|Computers, Materials & Continua |
Deep Learning Based Audio Assistive System for Visually Impaired People
Department of Computer Science and Engineering, SRM Institute of Science and Technology, Kattankulathur, 603203, India
*Corresponding Author: S. Kiruthika Devi. Email: email@example.com
Received: 10 June 2021; Accepted: 05 August 2021
Abstract: Vision impairment is a latent problem that affects numerous people across the globe. Technological advancements, particularly the rise of computer processing abilities like Deep Learning (DL) models and emergence of wearables pave a way for assisting visually-impaired persons. The models developed earlier specifically for visually-impaired people work effectually on single object detection in unconstrained environment. But, in real-time scenarios, these systems are inconsistent in providing effective guidance for visually-impaired people.
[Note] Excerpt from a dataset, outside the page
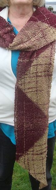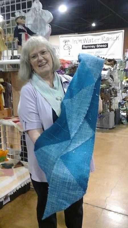We’re home again. Two weeks on the road is at least a week too much! lol We had a great time and met lots of people and made some new weavers and increased the stash for some others. Here’s one weaver who brought her project to BSG to share. Love that! Also the one from last year at OFFF. Pat Cane does some extra by weaving in strands of the opposite colors to blend her triangles very cleverly together. Isn’t it lovely?! I love seeing the projects you all weave!

In addition to object detection, extra information about the location of objects in the scene is essential for visually-impaired people. Keeping this in mind, the current research work presents an Efficient Object Detection Model with Audio Assistive System (EODM-AAS) using DL-based YOLO v3 model for visually-impaired people. The aim of the research article is to construct a model that can provide a detailed description of the objects around visually-impaired people. The presented model involves a DL-based YOLO v3 model for multi-label object detection. Besides, the presented model determines the position of object in the scene and finally generates an audio signal to notify the visually-impaired people. In order to validate the detection performance of the presented method, a detailed simulation analysis was conducted on four datasets. The simulation results established that the presented model produces effectual outcome over existing methods.
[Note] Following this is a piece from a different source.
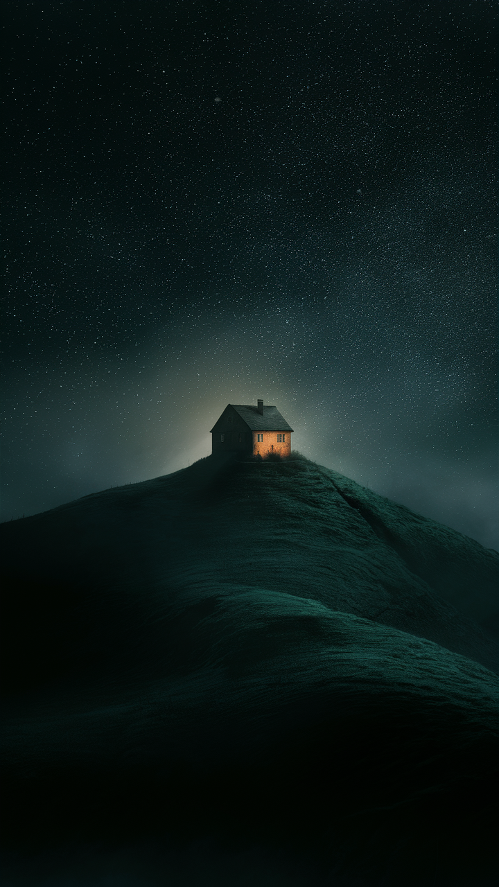 Discover this stunning free phone wallpaper showcasing a solitary house perched atop a gently sloping hill at night. The warm glow from the house contrasts beautifully with the dark, starry sky, creating a calming and contemplative aesthetic. Perfect as a dark wallpaper, this HD background enhances your phone with a serene vibe ideal for anyone seeking a peaceful lockscreen. Compatible with most smartphones, including iPhone and Android devices, this image brings a cozy yet tranquil atmosphere to your phone. Elevate your device’s look with this high-quality free wallpaper designed to soothe and inspire.

Keywords: Deep learning; visually impaired people; object detection; YOLO v3
In recent times, Artificial Intelligence (AI) models started yielding better outcomes in terms of voice-rich virtual candidates like Siri and Alexa , independent vehicles (Tesla), robotics (car manufacturing), and automated conversion (Google translator). In line with this, AI-based solutions have been introduced in assistive techniques, especially in guiding visually-impaired or blind people. Mostly, the systems mentioned above overcome the independent navigation issues with the help of portable assistive tools such as infrared sensors, ultrasound sensors, Radio Frequency Identification (RFID), Bluetooth Low Energy (BLE) beacon and cameras. Followed by, in autonomous direction, visually-impaired people require some other assistive models too. For example, computer vision methods are to be unified with Machine Learning (ML) model to provide moderate solutions for the above-defined problem. For instance, a computer vision module is projected to examine the currency with the help of Speeded-Up Robust Features (SURF) . Also, the system is capable of recognizing US currencies with true recognition rate and false recognition rate. Alternatively, visually-impaired users can shop in departmental stores through prediction whereas barcode analysis provides the visually-impaired individuals with details about the product through voice communication.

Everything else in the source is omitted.